# "Must currently reside in Japan" vs "Visa sponsorship available"?



## fchar

Hello,
My name is Farid, I am living in Chile (therefore I'm a native Spanish speaker, but also fluent in English), I am willing to relocate abroad as soon as possible (hopefully in Japan), but I would like to know some information on this particular situation:
I know that in order to get a job in Japan, I must get the COE document and apply for the work visa, sponsored by a Japanese company. However, many of them (at least when I search in GaijinPot) specifies this requirement: "*Must currently reside in Japan*", but, in the same job posting, it says "*Visa sponsorship available*".
I understand that many jobs are oriented to people already living in Japan, and not all are available from overseas. Thus, when I see "must currently reside in Japan" I assume that the applicant must be in Japan under a lawful status, living there; but when I see "Visa sponsorship available" I assume that this benefit is exactly what an overseas applicant (i.e. someone not living in Japan) is looking for, so I don't know if I'm missing something here.

I ask this because in some forums I have read that some people choose to visit Japan with a tourist visa, and during this visit, they apply for jobs. It seems that they are doing this because:
- As far as I know (from some expat blog posts) the Japanese companies are used to interview applicants in person rather than use virtual methods (e.g. Skype), so being physically in Japan can increase chances to be hired.
- Technically you are 'residing' in Japan during your application, even if you need a visa sponsorship if hired** (though it's not illegal, this practice may be frowned upon from the Japanese immigration bureau, I guess).

**This sentence can solve my doubt? When a Japanese company says that they are willing to sponsor your work visa and they ask you to reside in Japan, that means that you can apply just if you are physically in Japan (even with a tourist visa at this moment)?

I have a scheduled trip to Japan, so it would be great to know if is actually possible to apply for a job during my stay in Japan (if it's legal). I have found a few job opportunities (in GaijinPot and other places) but probably my options would increase if at some point I can consider these including the "must currently reside in Japan" requirement.

Thanks in advance for any feedback on this!


----------



## mths

You see this conflicting information a lot? I would expect it to be a lazy error, someone just copy pasting left and right to complete the ad. Either way I wouldn't worry too much about it. Just apply and let them know your status. It's up to them what to do next.

Btw when mentioning where you reside, you usually refer to your "usual place of residence," and that's not simply "where you're currently at." You're still very much a resident of Chile while on vacation in Japan, and there's no "technically" anything else. Though I suppose you're right, as a tourist in Japan you're only allowed to partake in certain activities, and job hunting might not be one of them. However I know several people who just flat out come and work in Japan while on a tourist visa, and that's.. ok.. point is don't worry about it.

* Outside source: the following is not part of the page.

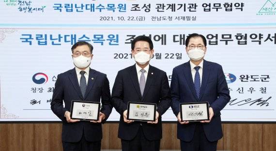 22일 전남도에 따르면 이들 3개 기관은 이날 전남도청에서 김영록 전남도지사, 최병암 산림청장, 신우철 완도군수, 윤재갑 국회의원 등이 참석한 가운데 '국립난대수목원 조성 업무협약'을 체결했다.
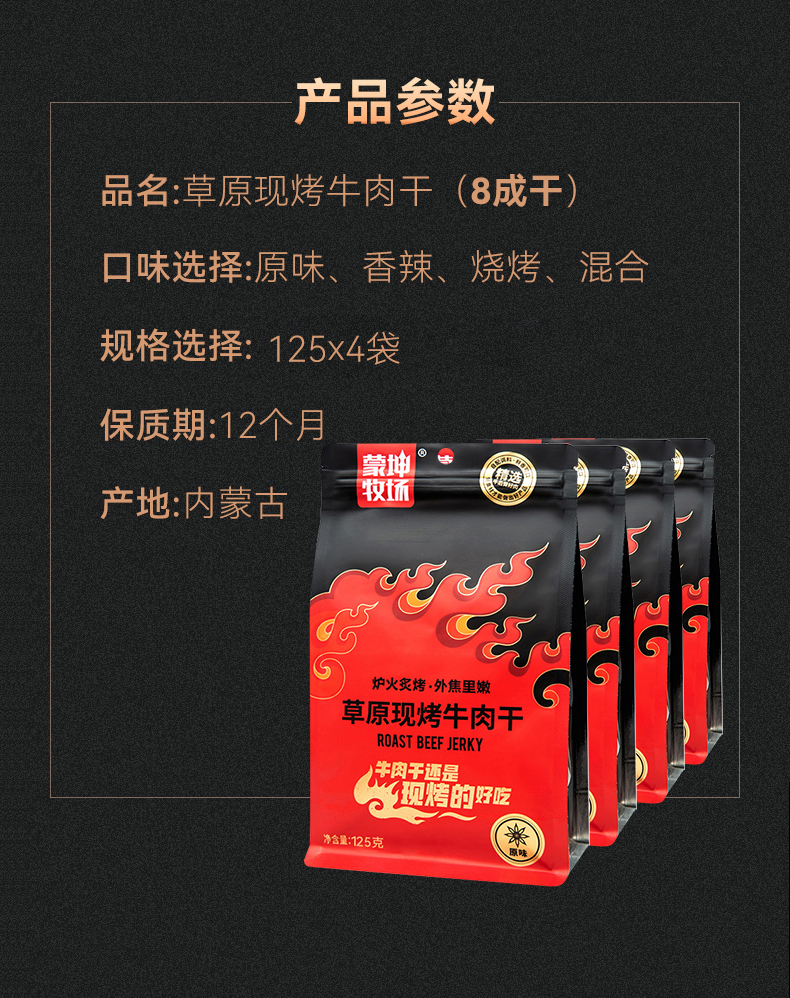 【蒙坤牧场】现烤牛肉干125g*4(简装包)

I suppose it depends on what field of work you're in, but from my experience if you really want to get hired here, your best bet is to come on an extended stay and, ugh, "network." Go to meetups and all of that, put yourself out there, talk to people, figure out how you can help them. Simply coming here and applying for jobs doesn't give you much of an edge compared to applying from back home.


----------



## fchar

Hi, thanks for your reply!



mths said:


> You see this conflicting information a lot?


Actually yes, a lot! At least in many teaching jobs. Maybe it's some lazy error as you said, so I think I can apply and clarify directly with the potential employer (because GaijinPot and similar sites are intermediaries of the job offer).



mths said:


> your best bet is to come on an extended stay and, ugh, "network." Go to meetups and all of that, put yourself out there, talk to people


I will try this for sure. I know that sometimes there are "job fairs" open to the public, so I think it's fine to explore options there. I don't plan to spend all my time in Japan to search for jobs and interviews, so I want to focus on investigate before my trip and try to meet with some expats once arrived (btw, I'm planning to go either Tokyo or Fukuoka) .

Thanks again!


----------